■ Exercise details: Apart from the pictures, output all of the records exactly.

Content starts

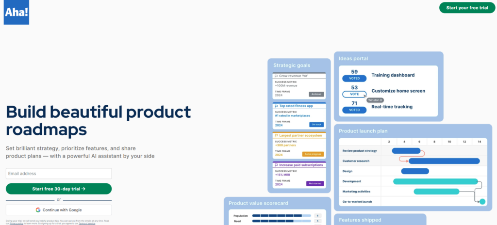 Aha! Roadmaps is a product management platform built around the link between strategy and execution. Product managers use it to define goals and initiatives, prioritize features against those goals, build visual roadmaps for stakeholder review, and push approved features into delivery tools through bidirectional integrations.
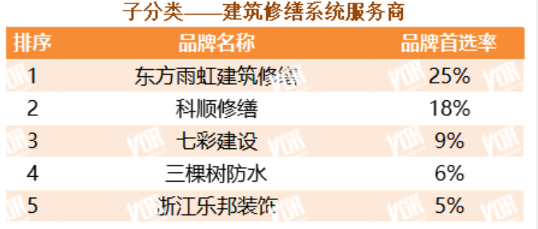 在子分类当中,建筑修缮系统服务商有较高的讨论度。上榜的品牌有:东方雨虹建筑修缮、科顺修缮、七彩建设、三棵树防水、浙江乐邦装饰。
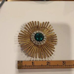 Benefits Charity! Vintage MCM Mid-Century Modern Undulating Atomic Starburst Style Gold Tone & Rhinestone Brooch. Unsigned. The center stone is a blue green in color depending on the light. This stunning brooch has an almost wave feature to the rays coming out from the center. Very Mad Men Style!
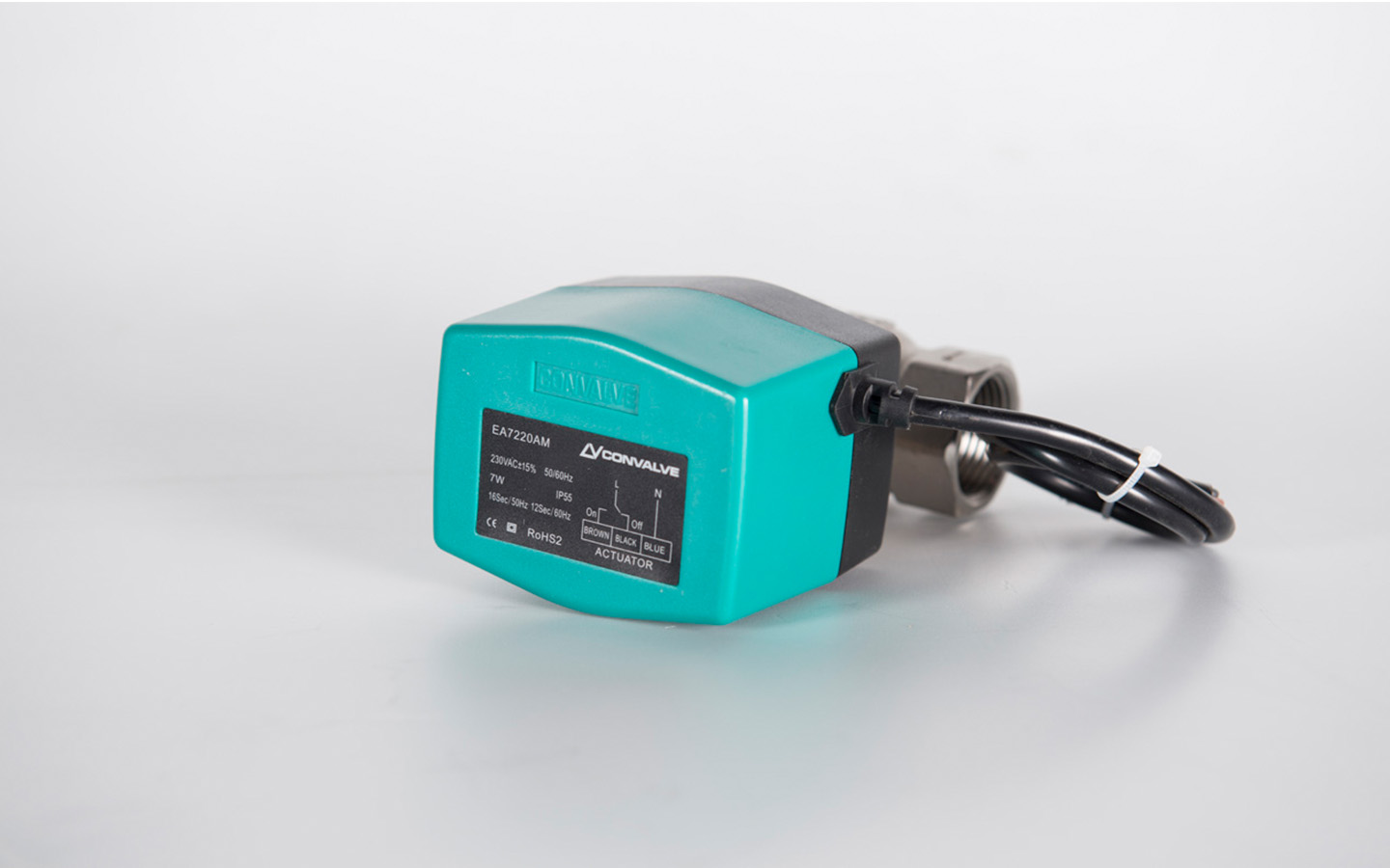 Convalve motorized ball valve is motor-operated by a type of EA7220A, EA7220AM, EA7024D and EA7024DM actuator. The actuator is controlled by a modulating on/off or 3-point control system and move the ball of the valve, to the opening position detected by the control signal.
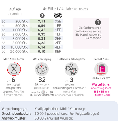 Preisliste Bio NusskernMix 80g Biologisch abbaubare Eco Pappdose Midi braun mit Logo Details
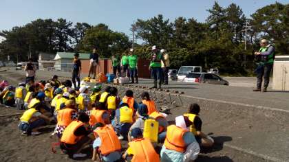 地引き網に替えて、投げ釣り体験をしました。
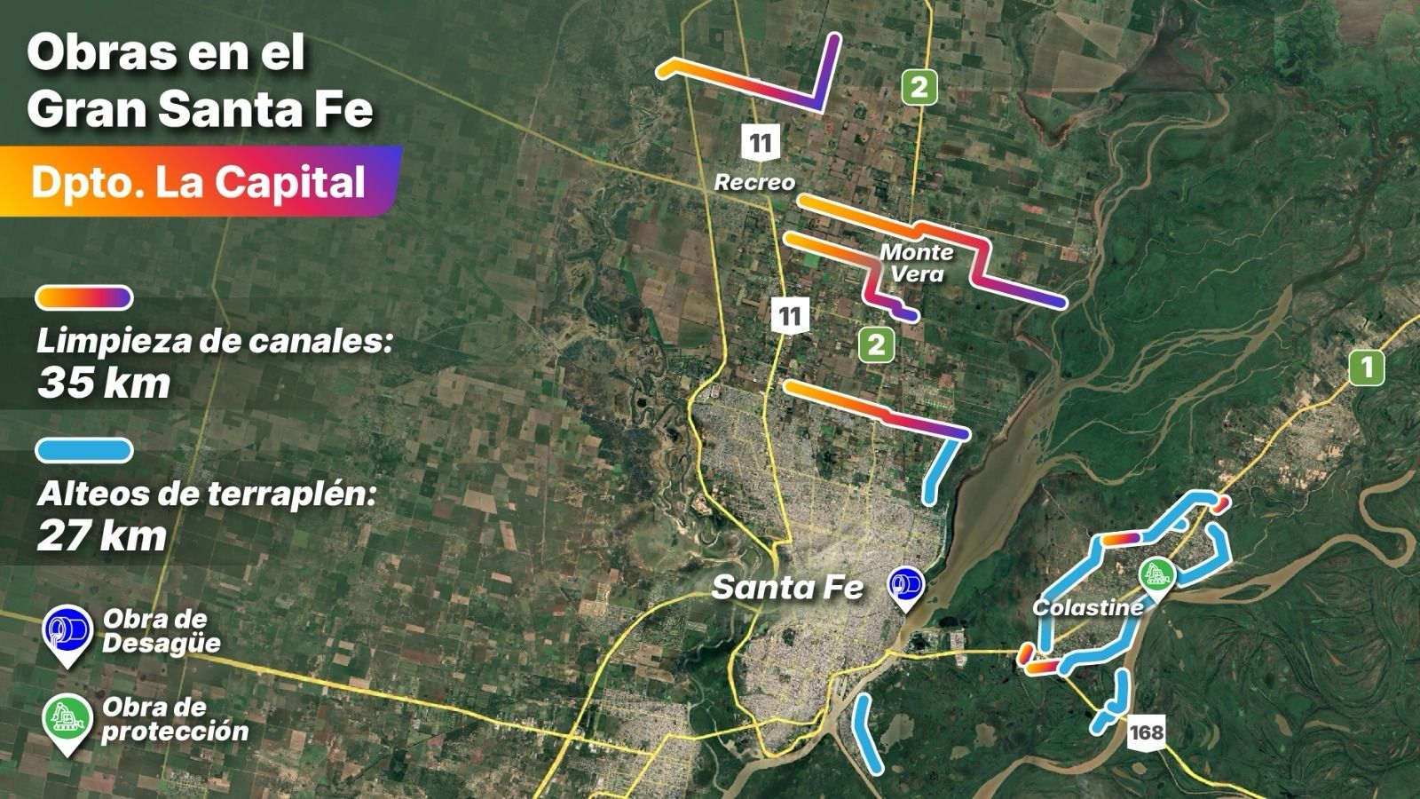Desde el Ministerio de Obras Públicas señalaron que, entre las tareas de mantenimiento y reparación del sistema de defensas de Gran Santa Fe, se destacan la limpieza de aproximadamente 35 kilómetros de canales, el alteo de terraplén a lo largo de 27 kilómetros y la limpieza de 34 kilómetros de taludes.
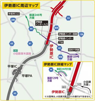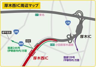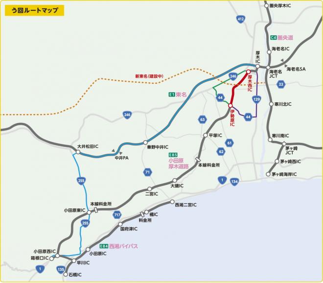 当該区間をご利用される場合、主なう回路として国道129号および246号をご利用できますが、周辺道路の渋滞が予想されますので、東名高速道路などを利用した広域う回にご協力をお願いいたします。

Content ends

■ Solution to this problem:
 Aha! Roadmaps is a product management platform built around the link between strategy and execution. Product managers use it to define goals and initiatives, prioritize features against those goals, build visual roadmaps for stakeholder review, and push approved features into delivery tools through bidirectional integrations.
 在子分类当中,建筑修缮系统服务商有较高的讨论度。上榜的品牌有:东方雨虹建筑修缮、科顺修缮、七彩建设、三棵树防水、浙江乐邦装饰。
 Benefits Charity! Vintage MCM Mid-Century Modern Undulating Atomic Starburst Style Gold Tone & Rhinestone Brooch. Unsigned. The center stone is a blue green in color depending on the light. This stunning brooch has an almost wave feature to the rays coming out from the center. Very Mad Men Style!
 Convalve motorized ball valve is motor-operated by a type of EA7220A, EA7220AM, EA7024D and EA7024DM actuator. The actuator is controlled by a modulating on/off or 3-point control system and move the ball of the valve, to the opening position detected by the control signal.
 Preisliste Bio NusskernMix 80g Biologisch abbaubare Eco Pappdose Midi braun mit Logo Details
 地引き網に替えて、投げ釣り体験をしました。
Desde el Ministerio de Obras Públicas señalaron que, entre las tareas de mantenimiento y reparación del sistema de defensas de Gran Santa Fe, se destacan la limpieza de aproximadamente 35 kilómetros de canales, el alteo de terraplén a lo largo de 27 kilómetros y la limpieza de 34 kilómetros de taludes.
 当該区間をご利用される場合、主なう回路として国道129号および246号をご利用できますが、周辺道路の渋滞が予想されますので、東名高速道路などを利用した広域う回にご協力をお願いいたします。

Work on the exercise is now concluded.